What the task requires is an exact printout of the listing below, pictures excluded.
---------- DATA BELOW ----------
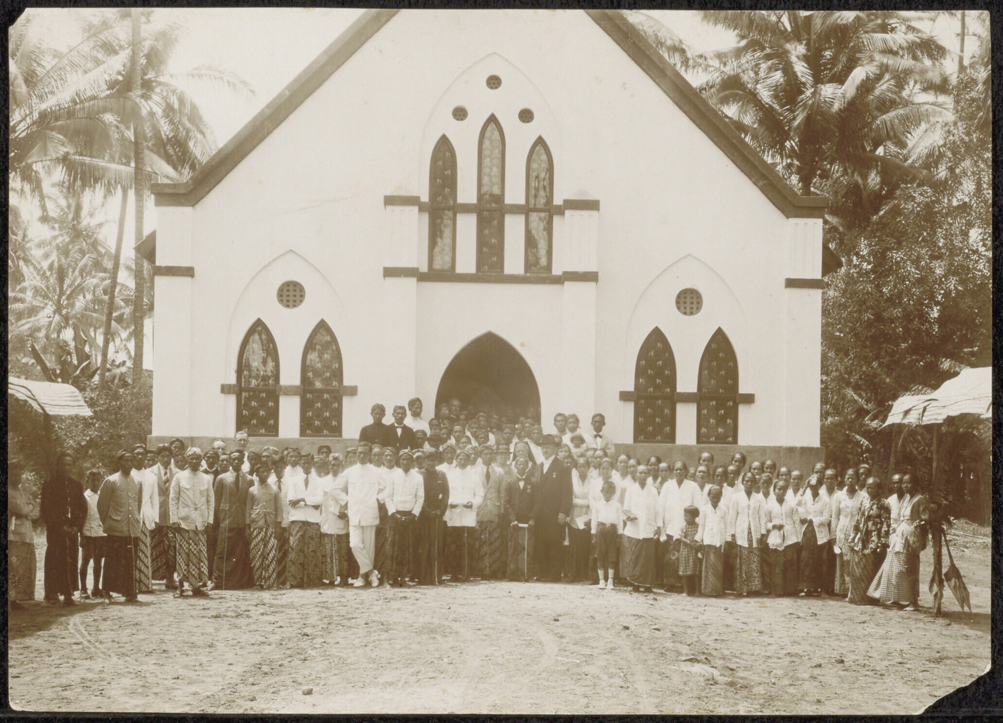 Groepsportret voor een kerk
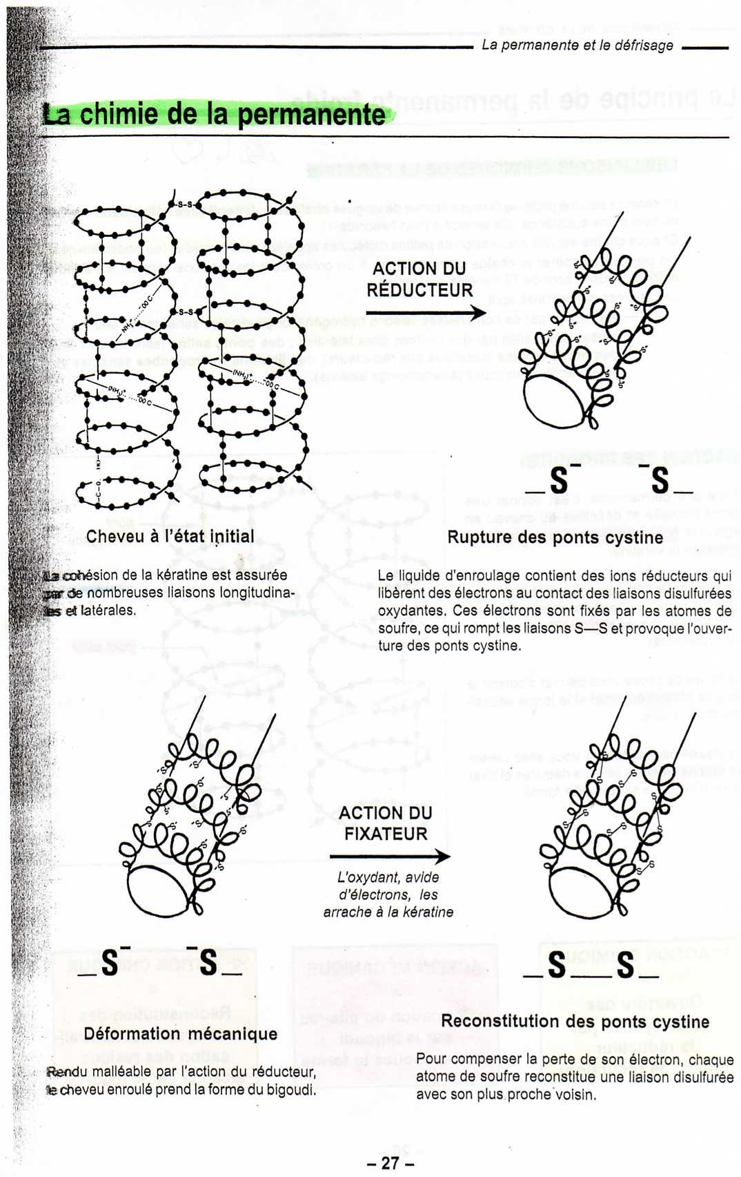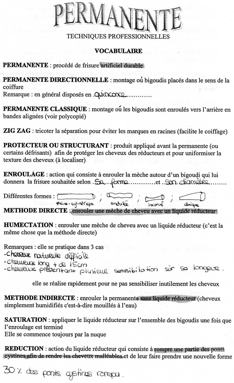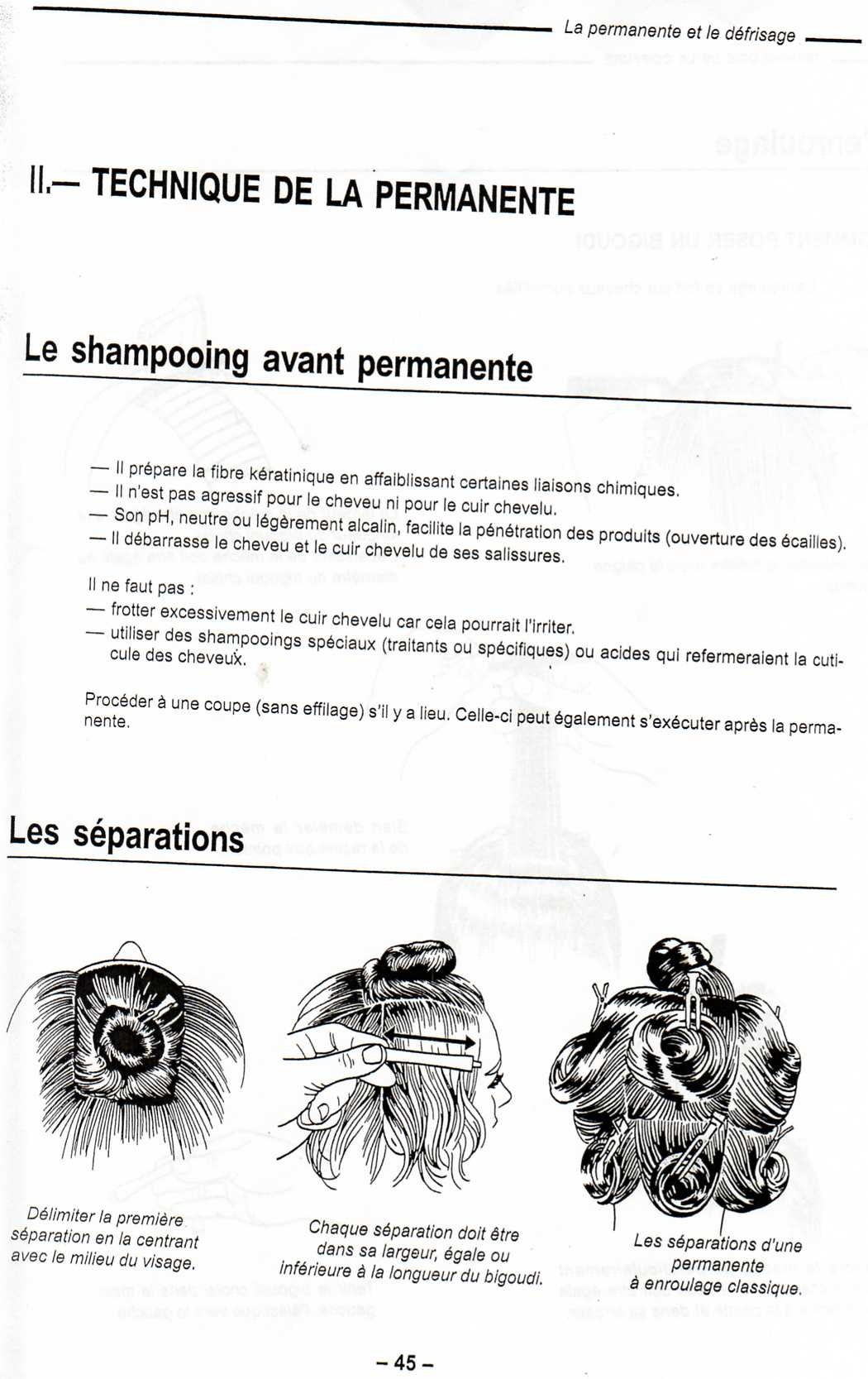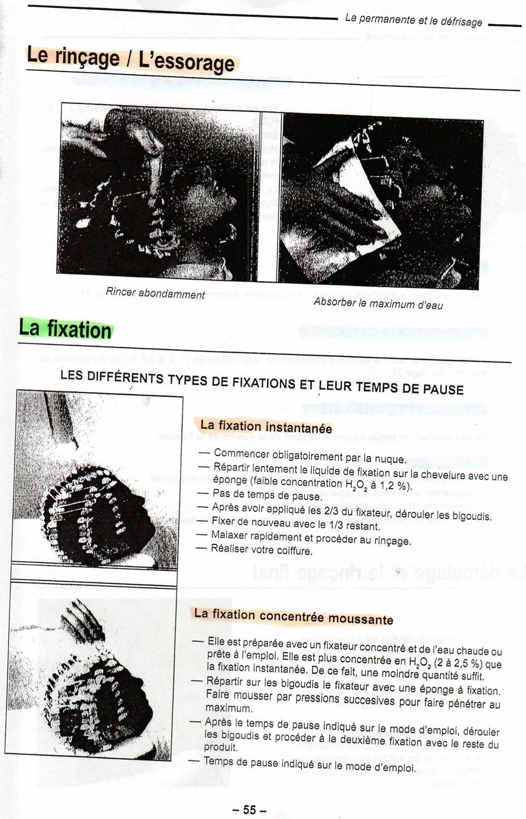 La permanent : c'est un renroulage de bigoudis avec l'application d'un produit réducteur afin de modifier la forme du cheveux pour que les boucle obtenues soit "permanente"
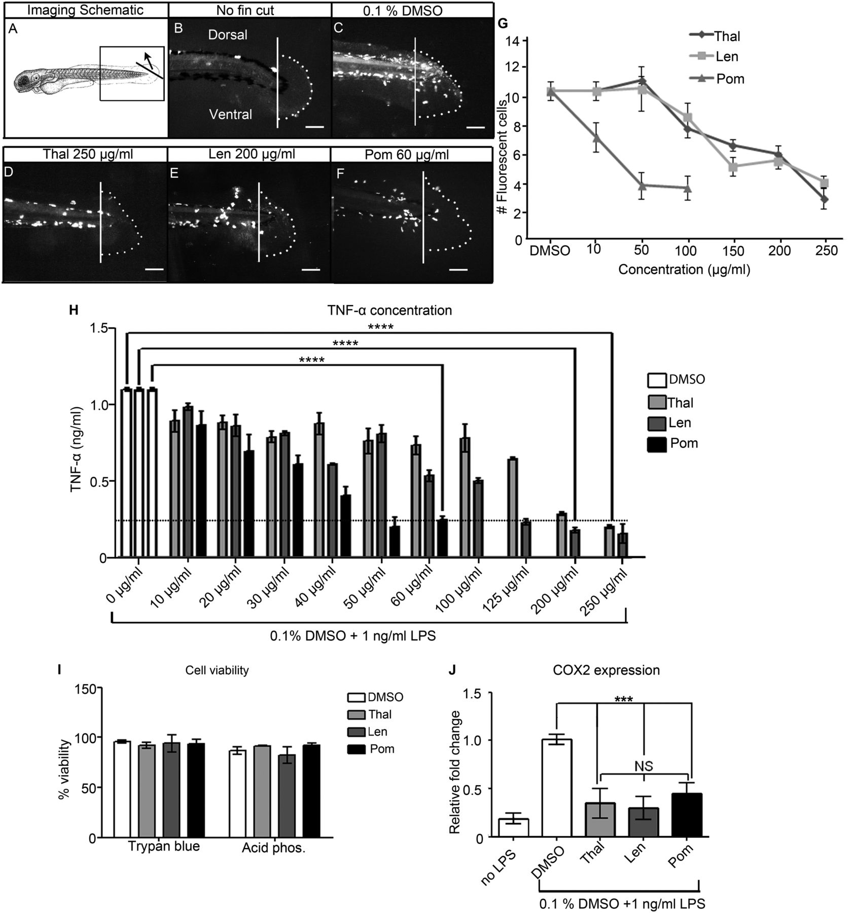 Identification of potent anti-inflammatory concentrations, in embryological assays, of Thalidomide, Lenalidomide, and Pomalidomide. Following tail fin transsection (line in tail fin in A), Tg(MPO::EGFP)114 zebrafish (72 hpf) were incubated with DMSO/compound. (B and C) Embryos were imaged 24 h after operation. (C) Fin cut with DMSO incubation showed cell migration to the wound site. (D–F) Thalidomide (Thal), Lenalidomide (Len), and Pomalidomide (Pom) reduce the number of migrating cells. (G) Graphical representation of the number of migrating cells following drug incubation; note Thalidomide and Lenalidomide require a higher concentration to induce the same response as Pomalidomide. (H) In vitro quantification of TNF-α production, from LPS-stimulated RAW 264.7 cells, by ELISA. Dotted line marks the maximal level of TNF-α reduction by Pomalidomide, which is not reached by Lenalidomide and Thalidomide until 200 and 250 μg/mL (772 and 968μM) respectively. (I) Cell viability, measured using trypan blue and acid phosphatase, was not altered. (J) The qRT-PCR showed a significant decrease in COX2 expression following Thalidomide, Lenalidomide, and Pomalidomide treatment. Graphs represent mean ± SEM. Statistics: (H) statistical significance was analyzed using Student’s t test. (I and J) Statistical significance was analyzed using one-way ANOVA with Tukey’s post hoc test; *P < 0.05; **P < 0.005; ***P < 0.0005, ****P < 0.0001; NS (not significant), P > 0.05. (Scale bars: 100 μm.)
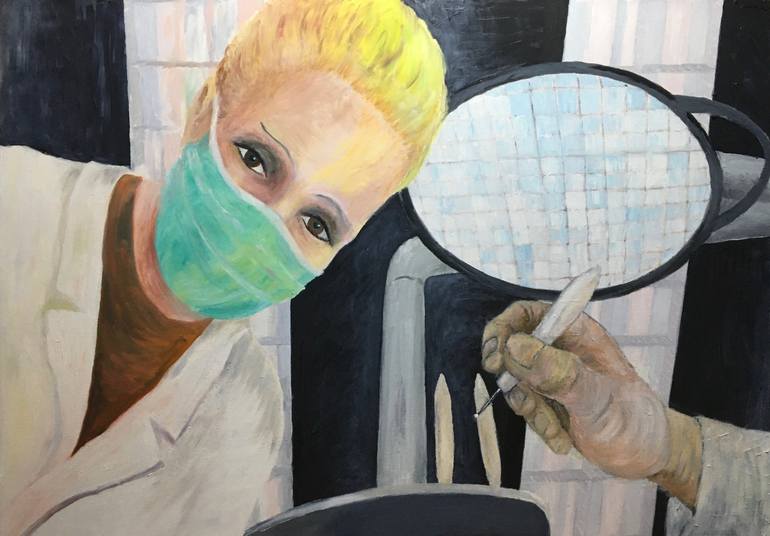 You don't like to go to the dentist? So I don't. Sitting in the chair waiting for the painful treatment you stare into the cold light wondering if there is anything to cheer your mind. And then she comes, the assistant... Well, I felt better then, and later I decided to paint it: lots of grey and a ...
----------
- [RESULT]
 Groepsportret voor een kerk
 La permanent : c'est un renroulage de bigoudis avec l'application d'un produit réducteur afin de modifier la forme du cheveux pour que les boucle obtenues soit "permanente"
 Identification of potent anti-inflammatory concentrations, in embryological assays, of Thalidomide, Lenalidomide, and Pomalidomide. Following tail fin transsection (line in tail fin in A), Tg(MPO::EGFP)114 zebrafish (72 hpf) were incubated with DMSO/compound. (B and C) Embryos were imaged 24 h after operation. (C) Fin cut with DMSO incubation showed cell migration to the wound site. (D–F) Thalidomide (Thal), Lenalidomide (Len), and Pomalidomide (Pom) reduce the number of migrating cells. (G) Graphical representation of the number of migrating cells following drug incubation; note Thalidomide and Lenalidomide require a higher concentration to induce the same response as Pomalidomide. (H) In vitro quantification of TNF-α production, from LPS-stimulated RAW 264.7 cells, by ELISA. Dotted line marks the maximal level of TNF-α reduction by Pomalidomide, which is not reached by Lenalidomide and Thalidomide until 200 and 250 μg/mL (772 and 968μM) respectively. (I) Cell viability, measured using trypan blue and acid phosphatase, was not altered. (J) The qRT-PCR showed a significant decrease in COX2 expression following Thalidomide, Lenalidomide, and Pomalidomide treatment. Graphs represent mean ± SEM. Statistics: (H) statistical significance was analyzed using Student’s t test. (I and J) Statistical significance was analyzed using one-way ANOVA with Tukey’s post hoc test; *P < 0.05; **P < 0.005; ***P < 0.0005, ****P < 0.0001; NS (not significant), P > 0.05. (Scale bars: 100 μm.)
 You don't like to go to the dentist? So I don't. Sitting in the chair waiting for the painful treatment you stare into the cold light wondering if there is anything to cheer your mind. And then she comes, the assistant... Well, I felt better then, and later I decided to paint it: lots of grey and a ...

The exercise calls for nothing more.